From the Lone Star Lines - October - December Issue 2004
Surplus Lines Stamping Office of Texas

Composite Financials for Texas Surplus Lines
Insurers Show Improved Results for 2003

by Brian D. Wilds, CPA, ASLI, Director of Financial Analysis & Accounting

One of the important functions of the SLSOT is the evaluation of surplus lines insurers. We evaluate each currently eligible insurer annually and also evaluate insurers seeking initial eligibility. One component of the evaluation process is a five year 'financial summary' page for each insurer that is published on our website. The exhibit on page 2 is a composite of selected financial data for all currently eligible insurers. It highlights the characteristics of their 2003 results compared to similar data for the prior three years. (This composite financial statement data excludes Underwriters at Lloyd's, London (Lloyd's), as its financial information is not compatible with this compilation.)

The state of the surplus lines market is good and showed improvement in 2003. Aggregate capital and surplus (C&S) for eligible surplus lines insurers was $55.8 billion at the end of 2003, an increase of 33% over the prior year's level. Average and median C&S also increased 30% and 25% respectively. (Lloyd's underwriting capacity increased to $26.78 billion beginning 2004 from $25.76 billion beginning 2003). C&S increased due to capital infusions, net income and the entry of new eligible insurers. Of the 167 eligible insurers in the composite, 148 insurers increased C&S, 133 insurers increased unassigned surplus (retained earnings) and only 17 had unassigned surplus deficits, all improvements over prior years.

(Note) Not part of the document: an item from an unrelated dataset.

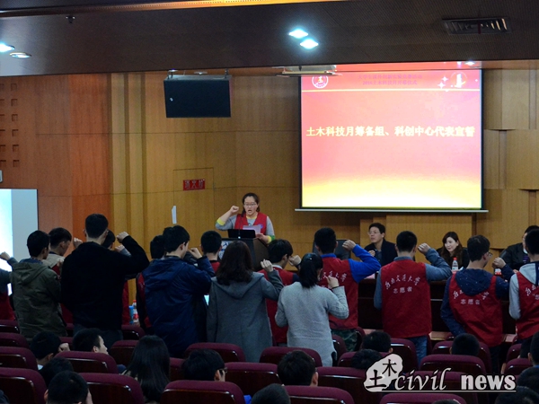 2016年土木科技月筹备组组织委员会和工作人员进行了宣誓,誓词铿锵有力,喊出了交大土木科创中心的责任与担当。誓词的余音还未完全散去,带着这份激情,开始进入本次大会的第二阶段,对太阳成集团tyc7111cc第十六届结构设计竞赛的命题介绍。
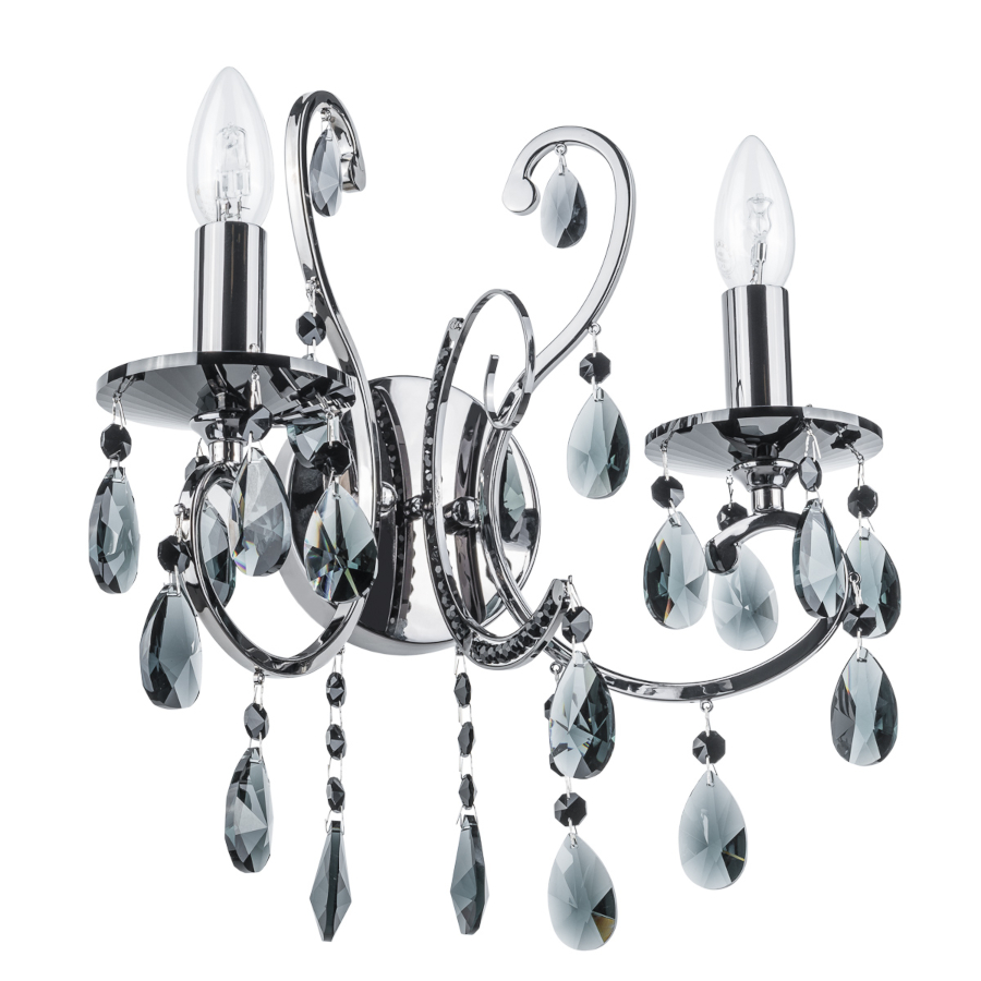 BAROCCO BLACK MB72709-2BCH to lampa ścienna z dwoma źródłami światła. Korpus lampy wykonano z wysokiej jakości metalu w kolorze chromowym z licznymi zdobieniami z czarnych kryształków. Lampa nie posiada kloszy sprawia że odsłonięte żarówki mogą być elementami ozdobnymi dlatego warto wybrać ich dekoracyjny model (najkorzystniej prezentuje się z żarówkami w kształcie świeczki). Kinkiet będzie idealnym wyborem do wnętrz urządzonych w stylu klasycznym, nowoczesnym oraz glamour. Doskonale będzie się prezentować w: salonie, jadalni, sypialni, pokoju młodzieżowym, gabinecie, lokalu, biurze, przedpokoju, korytarzu. Wysokość lampy to: 18 cm, szerokość 26 cm, długość 32 cm. Źródłem światła jest żarówka typu E14 o mocy max 40W w ilości 2 szt.

For the first time in many years there was an aggregate underwriting gain of $923 million, with the average underwriting gain $5.5 million. Ninety-four of 167 insurers reported underwriting gains. Net income after tax has been positive for several years, but there was more than a six-fold aggregate and average increase in 2003. There were 146 of 167 insurers reporting net income.

Gross premium increased 22% and net premium increased 23% in 2003. Leverage ratios fell (125% gross premium to C&S and 61% net premium to C&S). This is explained by the large increases in total capital and surplus.

Positive cash flow from operations was reported by 107 of the 125 foreign (U.S. domiciled) insurers.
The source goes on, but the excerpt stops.